The idea that the way that television is produced makes intensive scene study obsolete is a fatuous one. The fact is, when you show up for your TV show shoot, you bring whatever readiness to go the distance that you have in with you, and nothing more. There is a persistent fantasy that when opportunity knocks, the actor, through a combination of talent and determination, will rise to the challenge and somehow deliver something extraordinary, something memorable, because, after all, they picked him, the TV people did, and they must know, so that must mean he's "got it", whatever "it" is.
Sadly, no.
The ability to move quickly to the essence of what is transpiring in a scene, an essence which is never explicit in the text the actor is given to speak, and to work from that essence, is something that is acquired through lengthy study, hard work, and bumping one's head against one's own misconceptions. It is the result of a change in how people and situations are viewed, and an understanding of the way incidents matter to the characters involved. The scales have fallen from the eyes of such an actor, but this is not easily purchased. Anyone who promises a quick and easy way to achieve great acting is probably going to offer you a set of Ginsu knives if you act now.
Consider the fact that actors such as Paul Newman, Meryl Streep, Sigourney Weaver, Paul Giamatti, Frances McDormand and Patricia Clarkson all attended the Yale School of Drama, a three year conversatory program that trained them to act in plays. All went on to have stellar careers in Hollywood, some of which are still in progress. They are all enormously gifted actors, and probably would have found a way to flourish no matter what path they took, but I am sure that many of them would say that their training at the Drama School was excellent preparation for what came after. It is the experience of having taken acting classes with master teachers, and of working on countless productions, examining roles in depth and taking time to develop them across substantial rehearsal processes, that prepared them to work quickly, intuitive, incisively when the situation called for it.

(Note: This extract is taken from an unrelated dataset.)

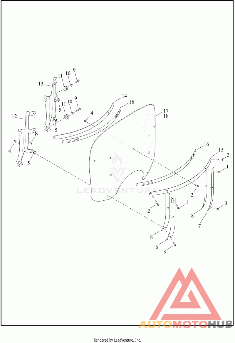 Деталь WINDSHIELD,ASSY,2-TONE,HDI | complete, with 1 - 8, 12, 13, 14, 15, 16 (black) (ASEAN, Brazil, China, England, EN2, HDI, HD4, Japan, JP2)
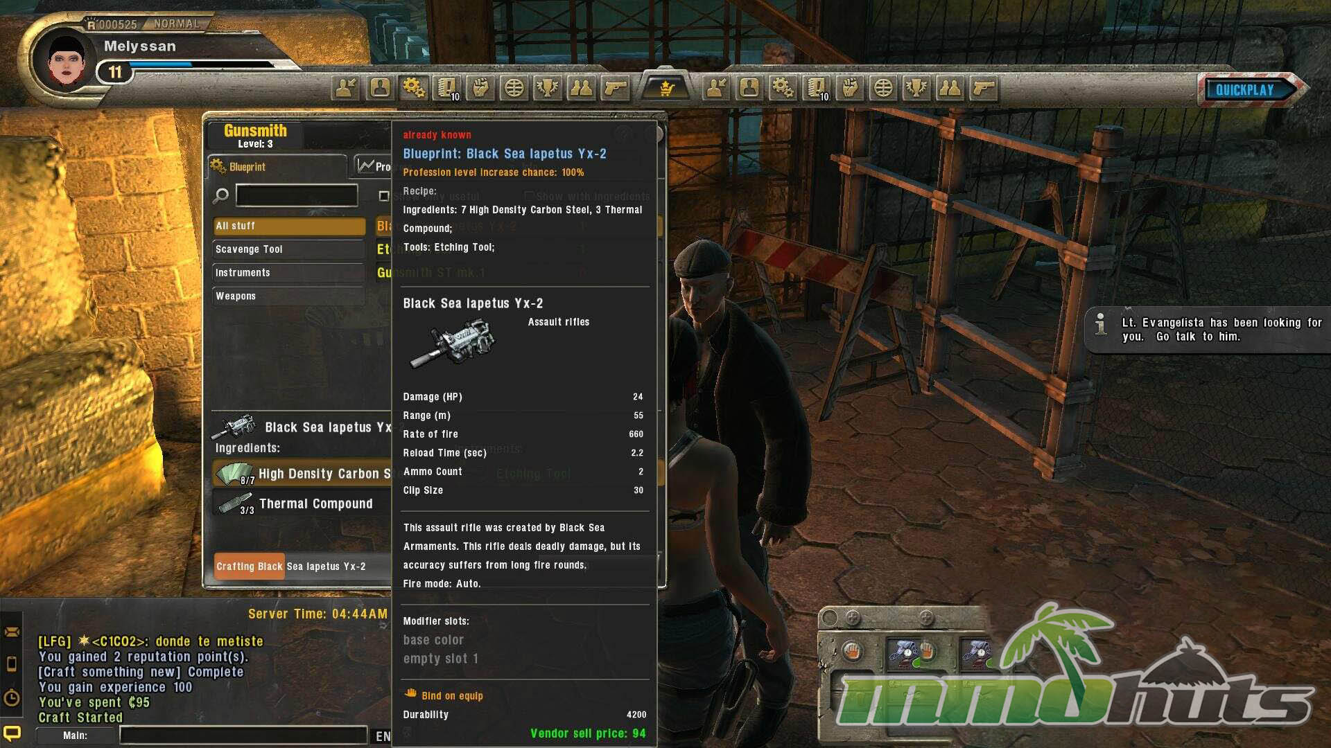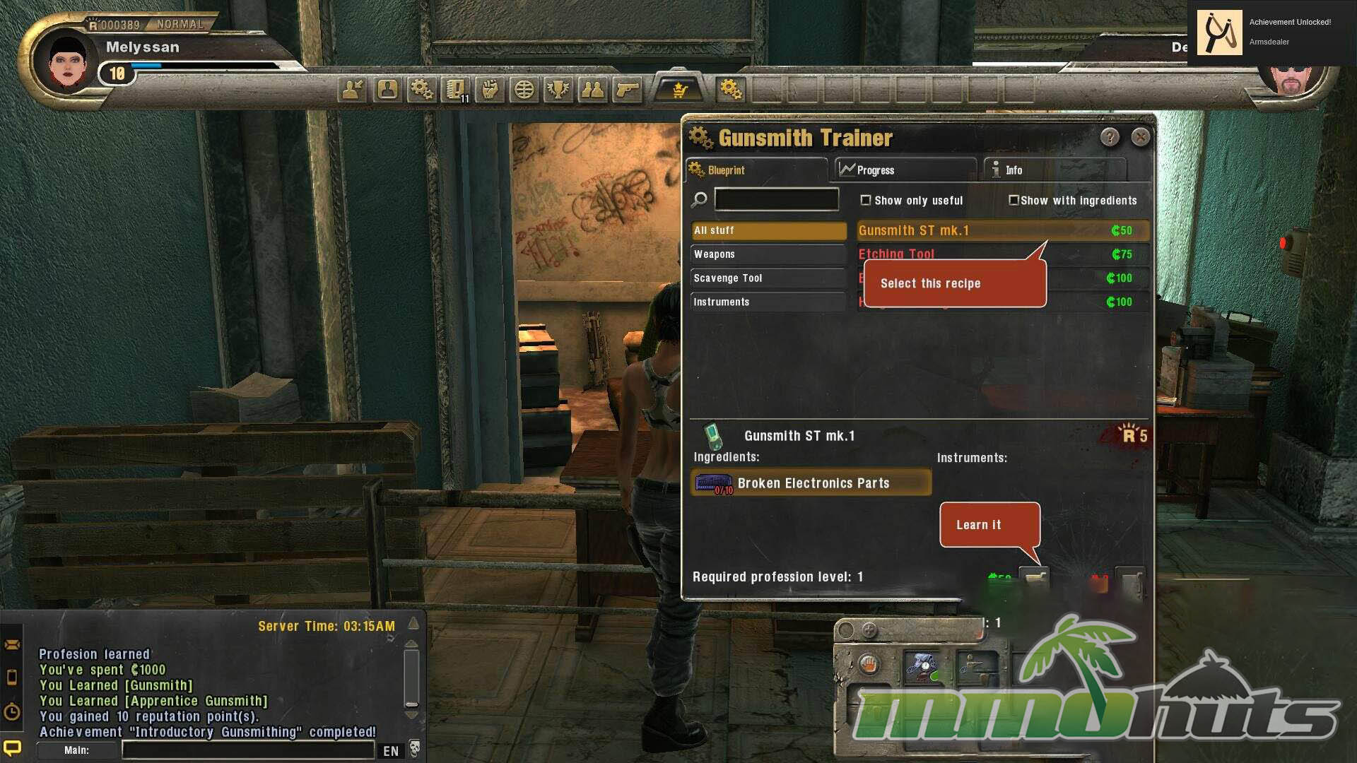 Crafting is handled through profession leveling. As you create items, your profession rank increases, and higher ranks open up more advanced recipes. It is a simple loop, but it gives the economy a purpose and provides another path to improve your loadouts beyond pure drops or purchases.

Can you imagine someone saying that since they were only going to play jazz improvisation on the piano, they were not going to learn to read music or to learn to play any previously composed music? The ability to improvise and work spontaneously comes from an intimate familarity with the medium in question, that comes in turn from lengthy exposure to the patterns that recur in various forms again and again. The only way out is through, a wise person once said. Wanting to be able meet the challenge of working spontaneously on a quick timetable without putting in the time to learn to work well under less strained circumstances is wanting a way out without going through. And except for those very few, freakishly talented exceptions, that isn't going to happen. All the other people showing up for the call you are going to have been to the same Acting for the Camera classes you have. The question is, what else have you got?